The need for continuous use of antiparkinsonian medication with chronic schizophrenic patients receiving long-term neuroleptic therapy

Abstract
In a double-blind 6 wk study, 98 chronic schizophrenic patients receiving long-term neuroleptic [including, alone or combination, chlorpromazine hydrochloride, thioridazine, fluphenazine decanoate, trifluoperazine hydrochloride, haloperidol, thioproperazine and levomepromazine] treatment and trihexyphenidyl were switched to either placebo or trihexyphenidyl. Of the 75 patients given placebo, 51 (68%) vs. 1 of the 23 patients who continued on active trihexyphenidyl developed severe worsening of extrapyramidal signs, necessitating early termination from the study. Of the placebo patients, 21 (28%) vs. 2 (8.7%) of the trihexyphenidyl patients developed less severe worsening.
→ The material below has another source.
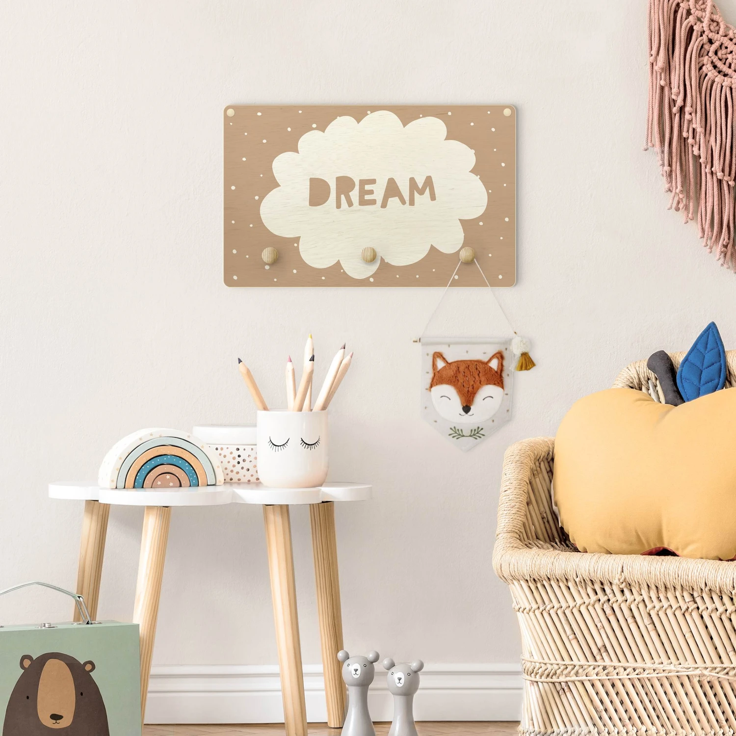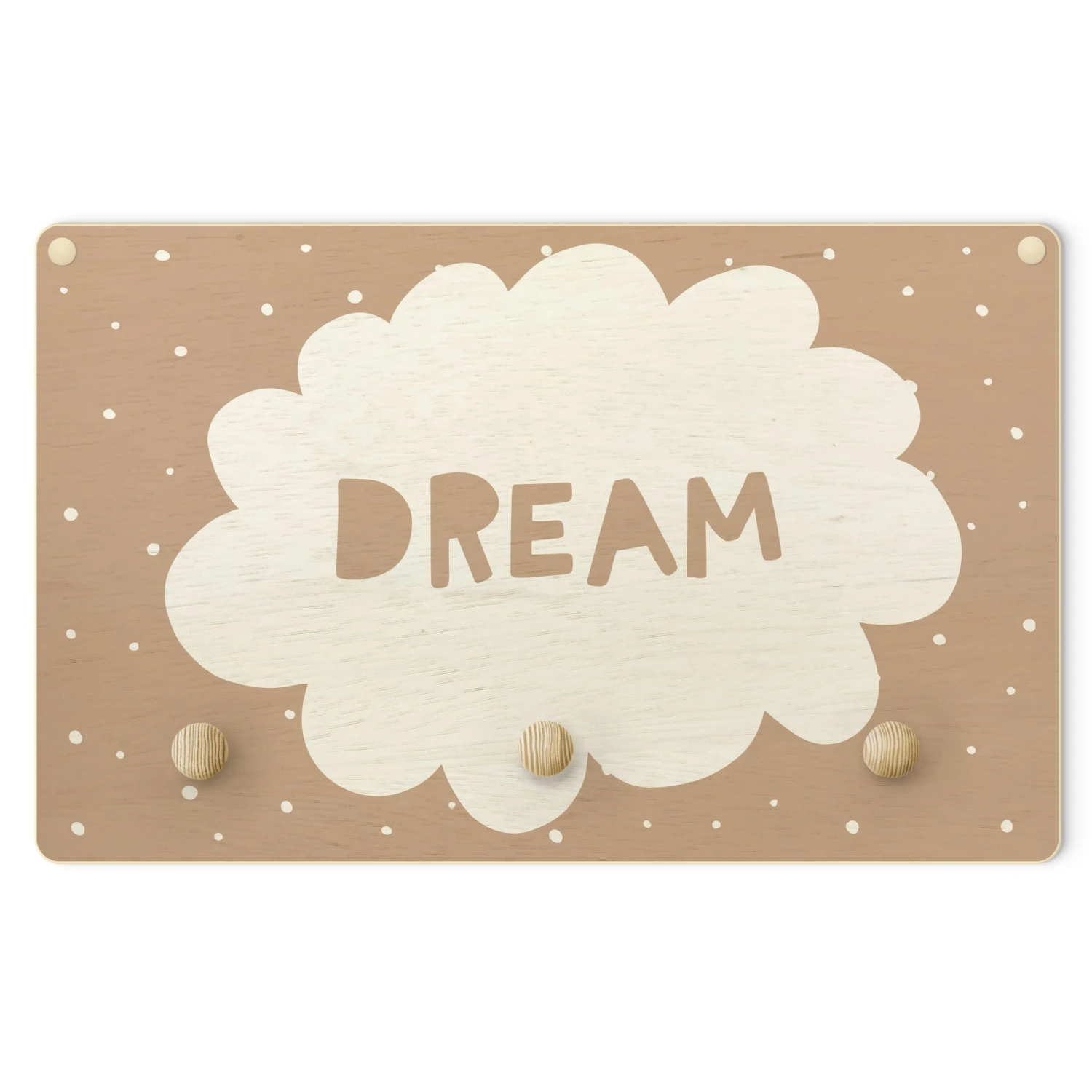 Kindergarderobe Holz – Spruch Dream Mit Wolke Natur In Creme-Beige

Of the placebo patients, 50 (66.6%) but only 2 (8.7%) of the trihexyphenidyl patients had psychotic or other severe physical symptoms related to withdrawal of prestudy antiparkinsonian medication. The need for continuous use of antiparkinsonian medication in the long-term neuroleptic therapy of chronic schizophrenic patients was supported.